上一实施例描述了对话过程,在对话过程中会用到模型,该模型可以是在训练过程中生成的,下面对训练过程中生成模型的流程进行描述。
图2是本申请实施例中在训练过程中生成模型的流程示意图。
本实施例中,以模型包括:映射关系、预测模型和语法模型为例。其中,映射关系用于表明问题中的关键词与回答中的关键词之间的映射关系,预测模 型用于根据上下文信息在多种映射关系中确定出最优的一种映射关系,以及生成与确定出的映射关系中的关键词匹配的搭配词,语法模型用于调整词条顺序,根据调整后的词条生成符合语法结构的句子。
如图2所示,本实施例包括:
S21:收集人类对话语料。
语料的选择可以基于所有带有人与人对话的地方,包含视频(电影、电视剧、动画等)中的对话、文学作品(历史名著、推理小说、言情小说、网络小说等)中的对话、社交平台(微博、贴吧、豆瓣等)中的对话、地方语言(东北话、北京话、广东话等)对话。

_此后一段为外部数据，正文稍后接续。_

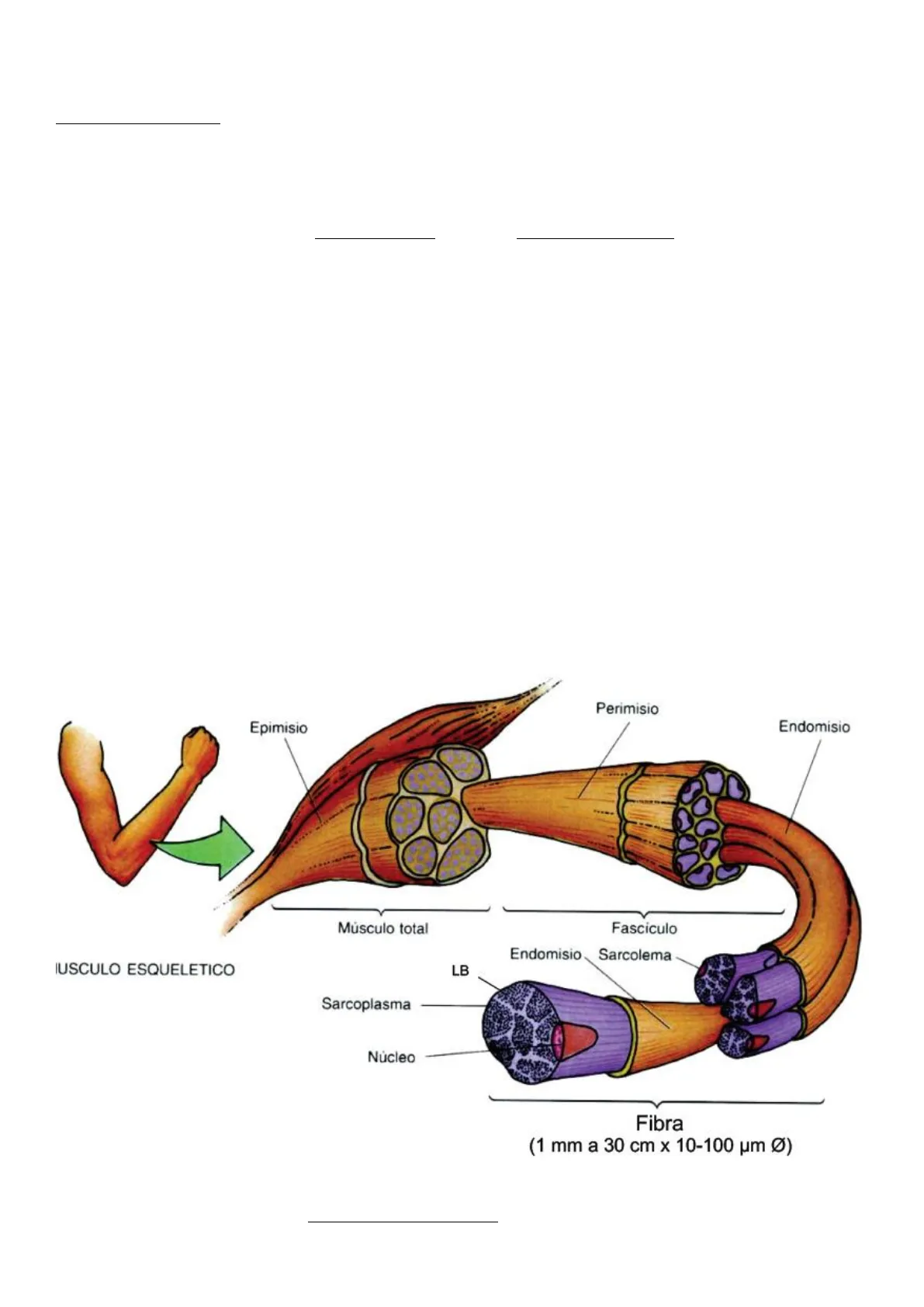 V Perimisio Epimisio Endomisio Músculo total Fasciculo Endomisio Sarcolema IUSCULO ESQUELETICO LB Sarcoplasma Núcleo Fibra (1 mm a 30 cm x 10-100 um Ø)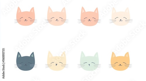 A cute illustration featuring various cat faces in pastel colors arranged in two rows.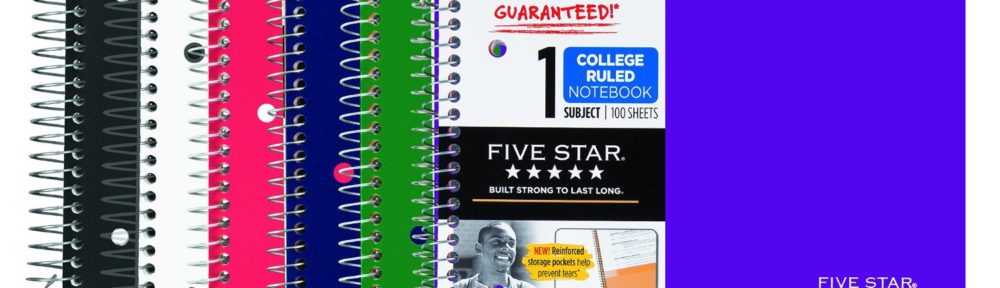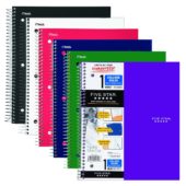 - Six pack of 1 Subject spiral notebooks, each contain 100 college ruled sheets that are ink bleed resistant; 11″x 8 1/2″ sheet size; comes in an assortment of colors: black, red, Navy blue, green, white and purple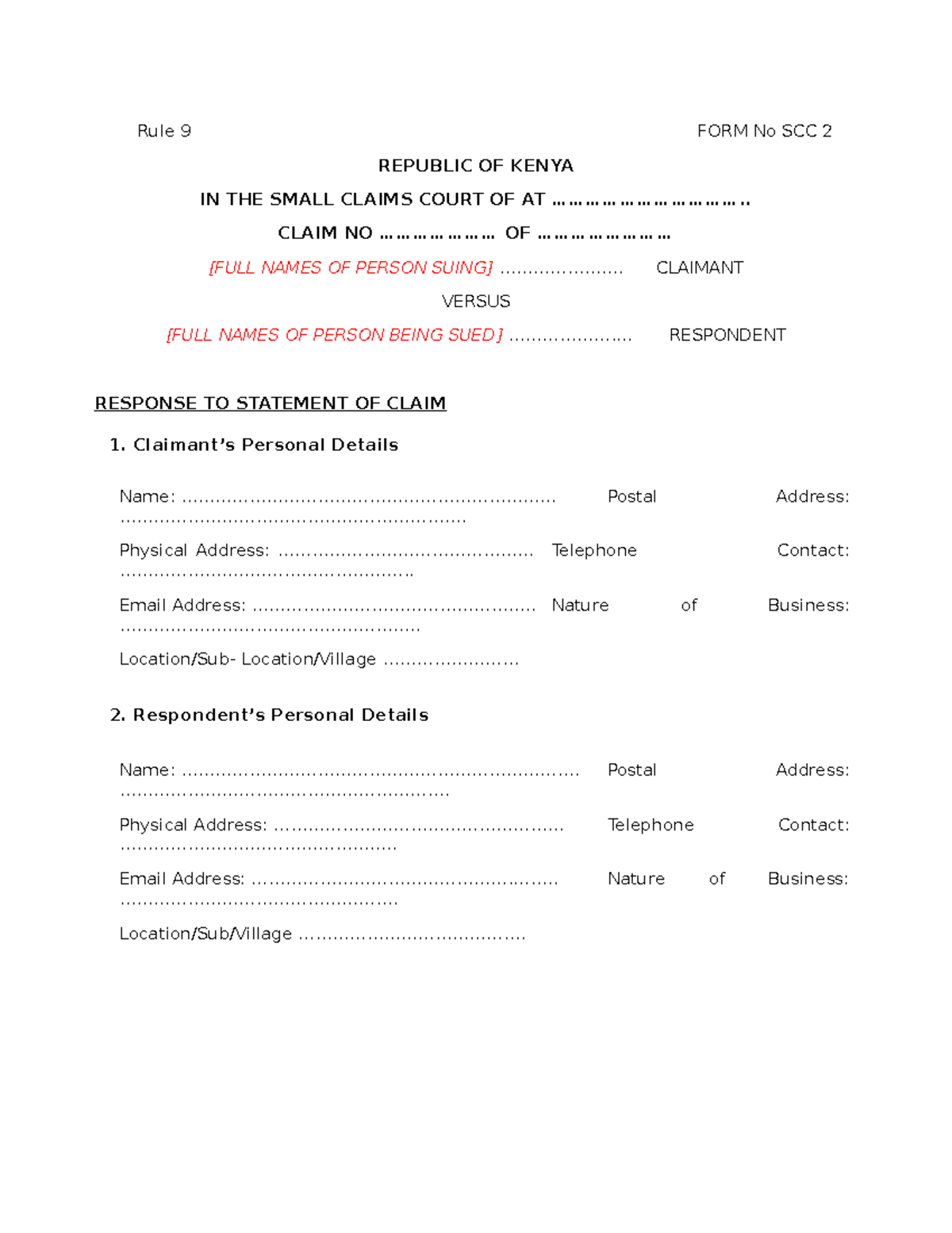 Small Claims Court Response To Statement Of Claim Rule 9 FORM No SCC

如图3所示,给出了语料源的分类,从而可以从多种语料源中收集到不同风格的语料,并且同一种语料源可以带有一种或多种对话风格。视频中的对话随视频种类的变化对话风格差异很大,喜剧片中的对话一般幽默诙谐、爱情片中的对话一般情深意浓、战争片中的对话一般紧张激烈等;文学作品中的对话风格也随种类不同而不同,历史名著中的对话一般带有某种历史背景的特色、推理小说对话逻辑严密、言情小说对话情感丰富等;网络社交平台中的对话带有很多网络词汇,但是因为其本身就是人们的日常对话整体风格最贴近人们的日常对话;地方语言对话包含各种地方方言,带有各种地方特色。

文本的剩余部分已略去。